What is needed> Copy nothing but the text: repeat each entry exactly and drop the images.

(Excerpts from a dataset)
☆ ☆ ☆ ☆ ☆

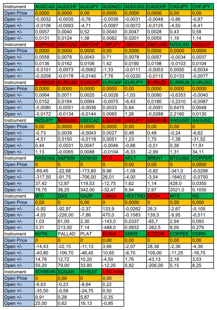 Весь перечень анализируемых активов указан ниже в общем количестве 60 инструментов. Здесь Вы найдете активы рынка Форекс, популярные активы Московской биржи, не менее популярные активы Чикагской биржи СМЕ и мажор криптовалютного сегмента - Биткоин, за которым следуют все альткоины.
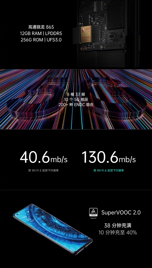 今天,全新的OPPO Find X2登场亮相,还是基于高通骁龙865,搭配LPDDR5内存、UFS 3.0+闪存,官方宣布安兔兔跑分可达637099,全球第一,比红魔5的原纪录又提高了3375。
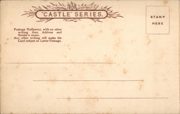 Front: MELYROOD FACACE c UNEH Ceutle Ser Back: "CASTLE" SERIES. writing than Address and Sender's name. Any other writing will make the Card subject to Letter Postage. Sent by.
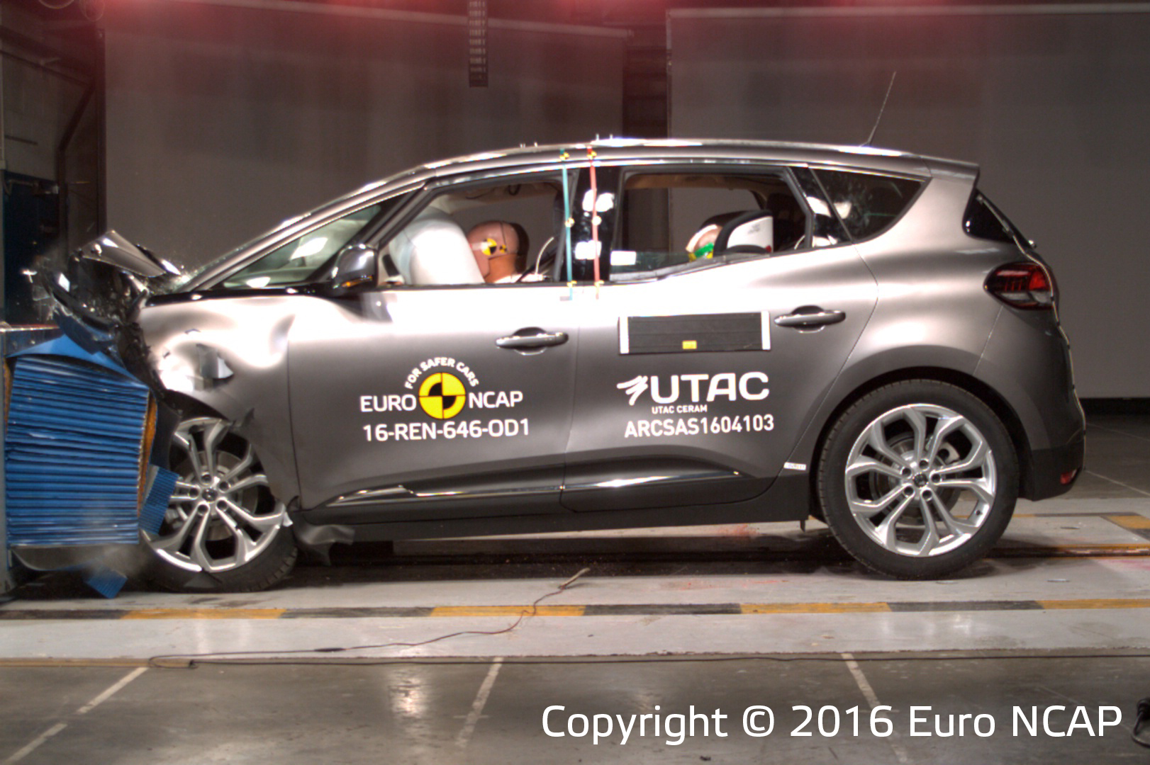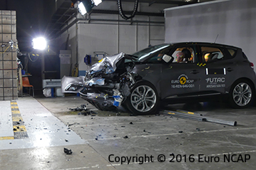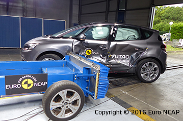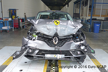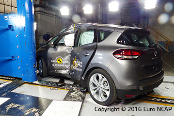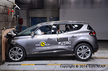 Przedział pasażerski pozostał stabilny w testach zderzenia czołowego. Odczyty z manekinów wykazały dobrą ochronę kolan i ud kierowcy i pasażera. Scenic pokazał, że podobny poziom ochrony będzie zapewniony dla pasażerów o różnych rozmiarach oraz siedzących na różnych miejscach. W próbie na pełnej szerokości sztywnej bariery ochrona kierowcy była dobra, poza ochroną szyi, którą bazując na odczytach z manekinów została oceniona jako bardzo słaba. Renault informowało, że chwilami wysokie ugięcia widoczne podczas testu były poza przewidywaniami rezultatami, z tego powodu mają być wprowadzone modyfikacje zapewniające osiągnięcie zaprojektowanej wydajności. Ochrona klatki piersiowej pasażera tylnej kanapy została oceniona jako marginalna. W bocznym zderzeniu z barierą Scenic uzyskał maximum punktów z dobrą ochroną dla wszystkich krytycznych obszarów ciała. W trudniejszej próbie zderzenia bocznego z słupem Scenic zapewnił dobrą ochronę dla wszystkich obszarów ciała z wyjątkiem klatki piersiowej, której ochrona była wystarczająca. Testy pokazały, że ochrona kręgów szyjnych zapewniona przez przednie fotele oraz zagłówki była dobra w przypadku uderzenia w tył, także ocena geometryczna tylnych siedzeń wykazała dobrą ochronę. Zwiększoną ochronę kręgów szyjnych zapewnia autonomiczny system hamowania awaryjnego. System sprawdził się dobrze w testach przy niskich prędkościach typowych dla ruchu miejskiego gdzie często w zderzeniach dochodzi do urazów kręgów szyjnych.
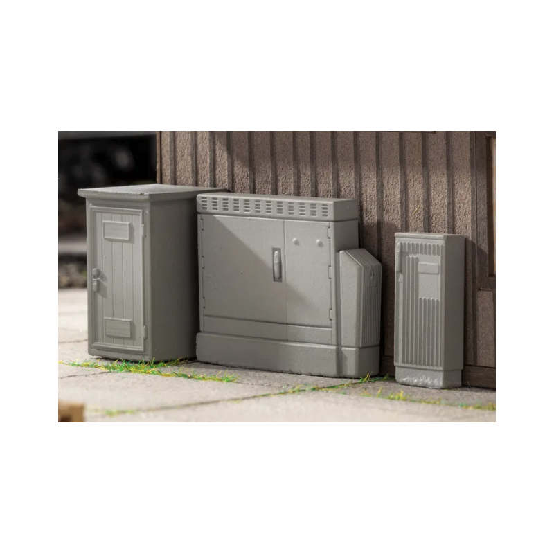 3D printed power and distribution boxes by Noch. Scale 1:87
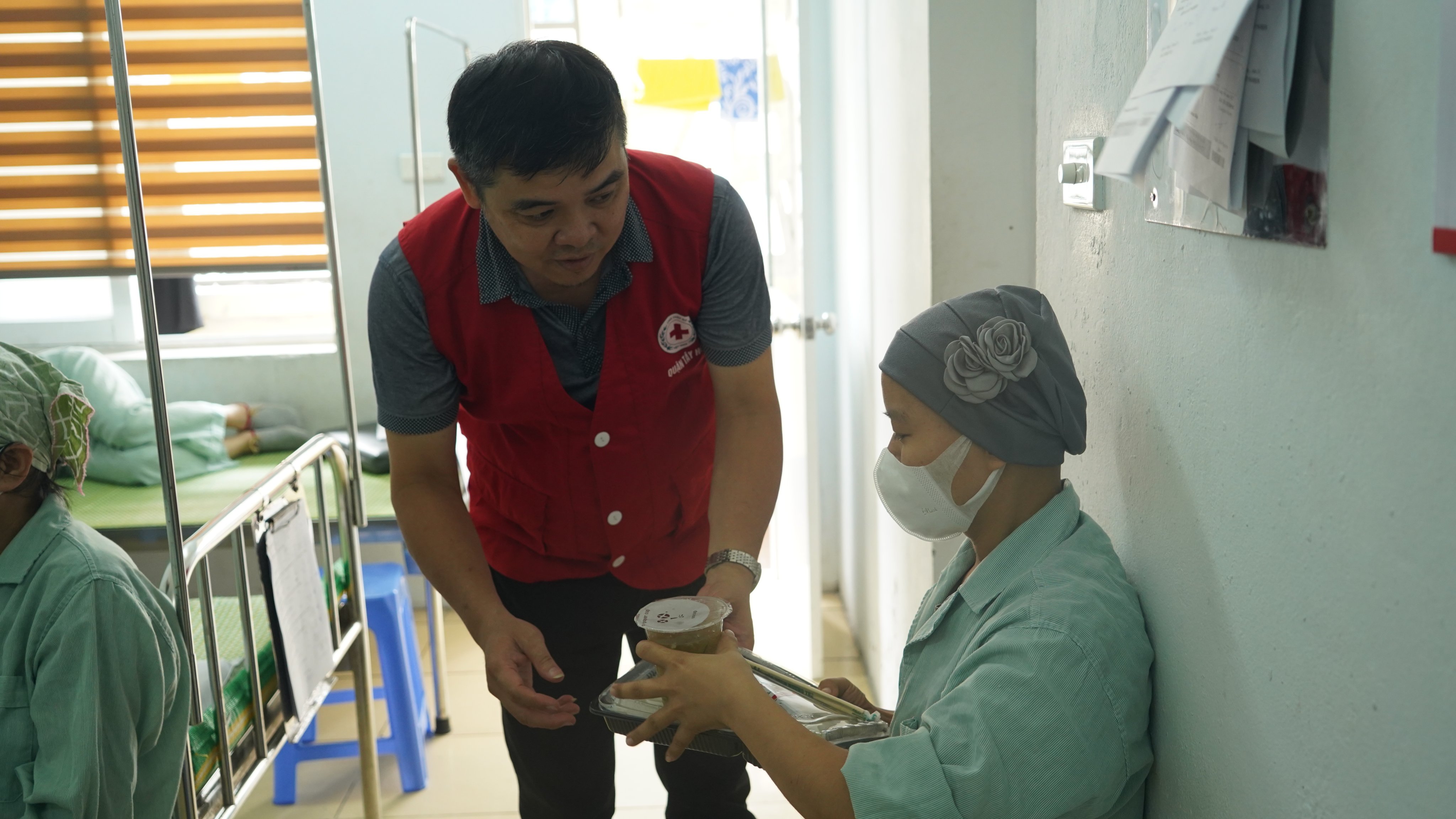 Những phần cơm canh còn nóng hổi, đầy đủ dinh dưỡng và đảm bảo an toàn vệ sinh thực phẩm được các nhà hảo tâm mang đến tận giường bệnh, kèm theo những lời động viên thân tình thật sự là món quà vô cùng ý nghĩa, giúp xoa dịu nỗi đau của những người không may mắc phải căn bệnh hiểm nghèo, tiếp thêm động lực để họ vững niềm tin chiến đấu và vượt qua bệnh tật.
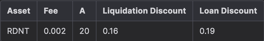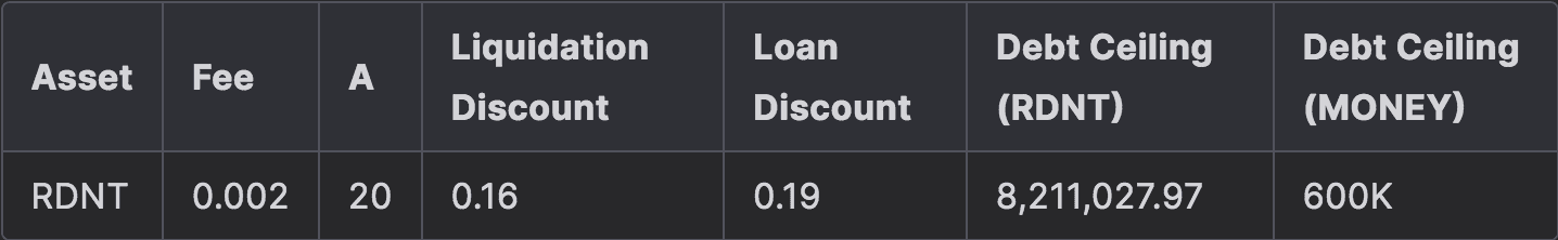 $RDNT presented similar issues to $PENDLE, with high deviation and limited optimal configurations. The liquidity profile is too thin, with a debt ceiling of 8,211,027.97 RDNT (600K MONEY) leading to significant slippage even with moderate swaps. This poses a risk of volatility.
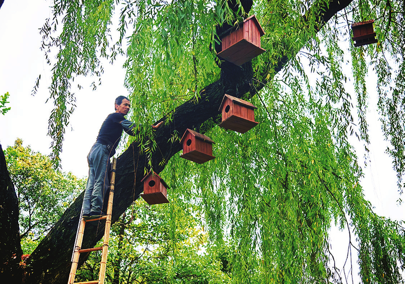 目前,这些鸟笼吸引了喜鹊、布谷鸟、燕子等在此安家落户。园区还注意保护乔木上的天然鸟巢,安排专人每日清洁环境,为鸟儿打造宜居的家。
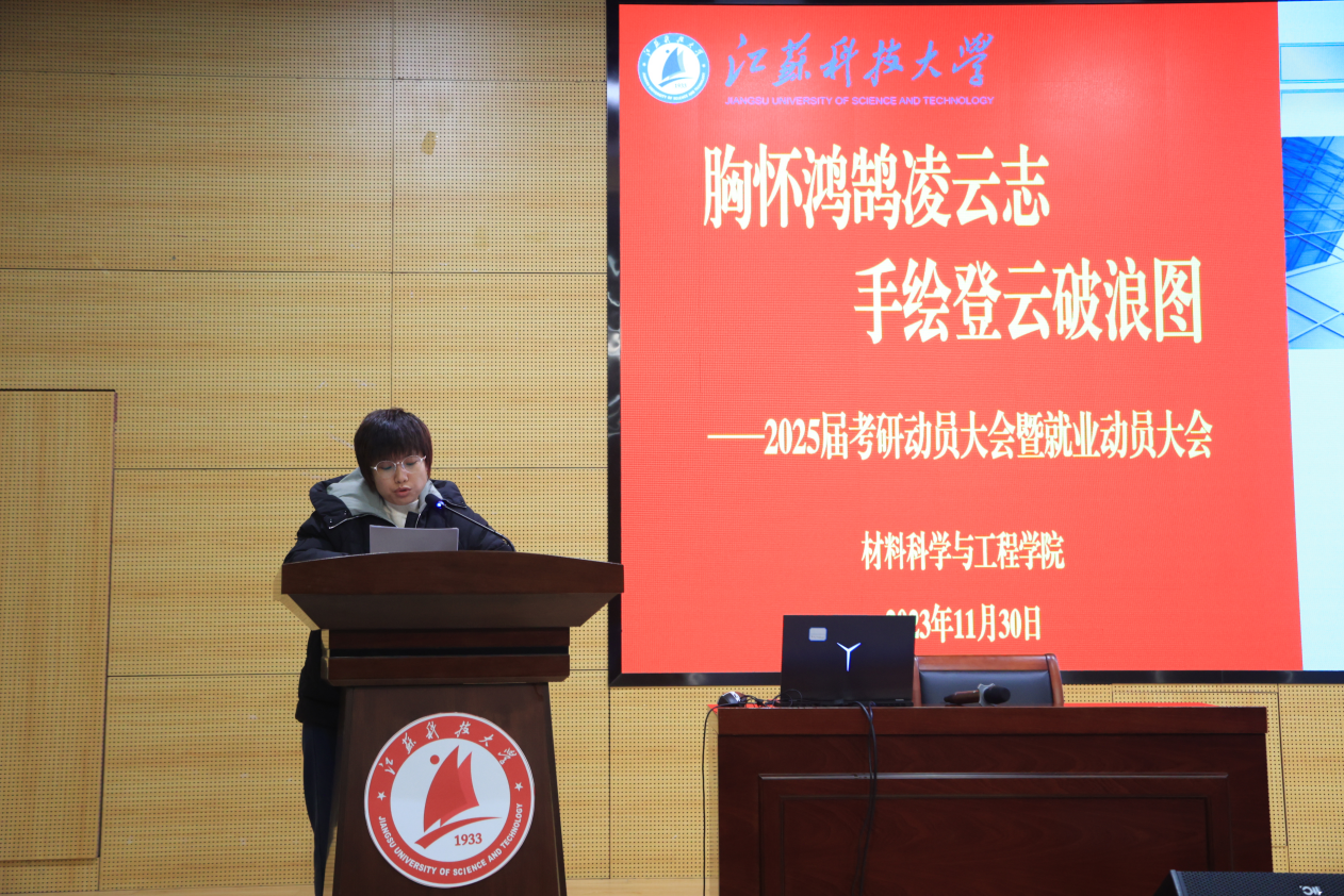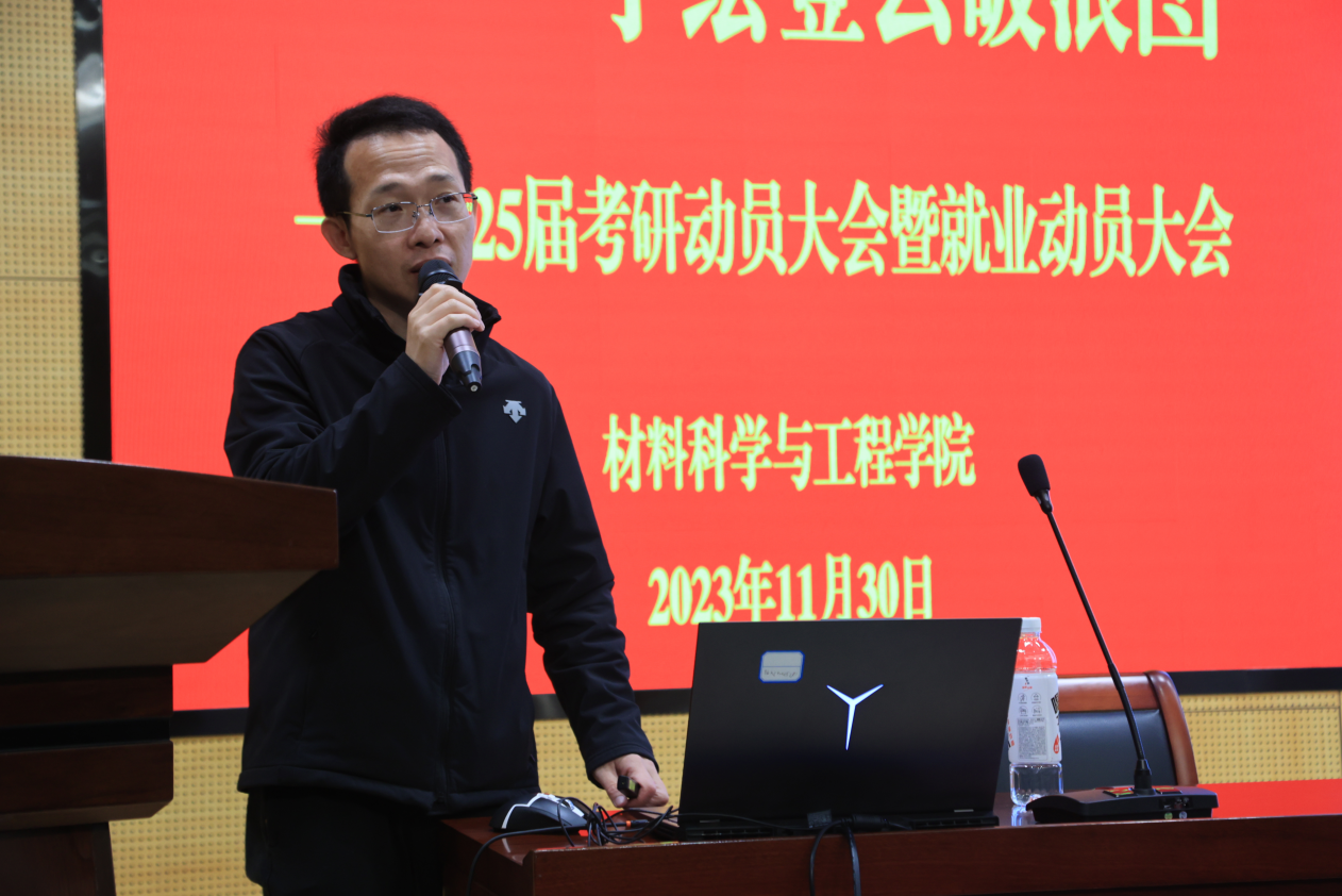为更好地指导同学们作好学业规划,有意识地开展考研和就业准备工作,11月30日下午,材料学院在长山校区图书馆105报告厅召开2025届考研就业动员大会,引航学生成长。山东大学陈姬教授、哈尔滨工业大学初冠南教授、天津大学马哲教授、江苏科技大学胥国祥教授、二重(镇江)重型装备有限责任公司资深人力资源管理经理章婕、材料学院党委副书记杨海涛,辅导员刘志红、张正栋、涂亦凡与2021级全体学生参加会议。会议采用线上线下相结合的方式进行,由杨海涛主持。

☆ ☆ ☆ ☆ ☆

Answer to this task>
 Весь перечень анализируемых активов указан ниже в общем количестве 60 инструментов. Здесь Вы найдете активы рынка Форекс, популярные активы Московской биржи, не менее популярные активы Чикагской биржи СМЕ и мажор криптовалютного сегмента - Биткоин, за которым следуют все альткоины.
 今天,全新的OPPO Find X2登场亮相,还是基于高通骁龙865,搭配LPDDR5内存、UFS 3.0+闪存,官方宣布安兔兔跑分可达637099,全球第一,比红魔5的原纪录又提高了3375。
 Front: MELYROOD FACACE c UNEH Ceutle Ser Back: "CASTLE" SERIES. writing than Address and Sender's name. Any other writing will make the Card subject to Letter Postage. Sent by.
 Przedział pasażerski pozostał stabilny w testach zderzenia czołowego. Odczyty z manekinów wykazały dobrą ochronę kolan i ud kierowcy i pasażera. Scenic pokazał, że podobny poziom ochrony będzie zapewniony dla pasażerów o różnych rozmiarach oraz siedzących na różnych miejscach. W próbie na pełnej szerokości sztywnej bariery ochrona kierowcy była dobra, poza ochroną szyi, którą bazując na odczytach z manekinów została oceniona jako bardzo słaba. Renault informowało, że chwilami wysokie ugięcia widoczne podczas testu były poza przewidywaniami rezultatami, z tego powodu mają być wprowadzone modyfikacje zapewniające osiągnięcie zaprojektowanej wydajności. Ochrona klatki piersiowej pasażera tylnej kanapy została oceniona jako marginalna. W bocznym zderzeniu z barierą Scenic uzyskał maximum punktów z dobrą ochroną dla wszystkich krytycznych obszarów ciała. W trudniejszej próbie zderzenia bocznego z słupem Scenic zapewnił dobrą ochronę dla wszystkich obszarów ciała z wyjątkiem klatki piersiowej, której ochrona była wystarczająca. Testy pokazały, że ochrona kręgów szyjnych zapewniona przez przednie fotele oraz zagłówki była dobra w przypadku uderzenia w tył, także ocena geometryczna tylnych siedzeń wykazała dobrą ochronę. Zwiększoną ochronę kręgów szyjnych zapewnia autonomiczny system hamowania awaryjnego. System sprawdził się dobrze w testach przy niskich prędkościach typowych dla ruchu miejskiego gdzie często w zderzeniach dochodzi do urazów kręgów szyjnych.
 3D printed power and distribution boxes by Noch. Scale 1:87
 Những phần cơm canh còn nóng hổi, đầy đủ dinh dưỡng và đảm bảo an toàn vệ sinh thực phẩm được các nhà hảo tâm mang đến tận giường bệnh, kèm theo những lời động viên thân tình thật sự là món quà vô cùng ý nghĩa, giúp xoa dịu nỗi đau của những người không may mắc phải căn bệnh hiểm nghèo, tiếp thêm động lực để họ vững niềm tin chiến đấu và vượt qua bệnh tật.
 $RDNT presented similar issues to $PENDLE, with high deviation and limited optimal configurations. The liquidity profile is too thin, with a debt ceiling of 8,211,027.97 RDNT (600K MONEY) leading to significant slippage even with moderate swaps. This poses a risk of volatility.
 目前,这些鸟笼吸引了喜鹊、布谷鸟、燕子等在此安家落户。园区还注意保护乔木上的天然鸟巢,安排专人每日清洁环境,为鸟儿打造宜居的家。
为更好地指导同学们作好学业规划,有意识地开展考研和就业准备工作,11月30日下午,材料学院在长山校区图书馆105报告厅召开2025届考研就业动员大会,引航学生成长。山东大学陈姬教授、哈尔滨工业大学初冠南教授、天津大学马哲教授、江苏科技大学胥国祥教授、二重(镇江)重型装备有限责任公司资深人力资源管理经理章婕、材料学院党委副书记杨海涛,辅导员刘志红、张正栋、涂亦凡与2021级全体学生参加会议。会议采用线上线下相结合的方式进行,由杨海涛主持。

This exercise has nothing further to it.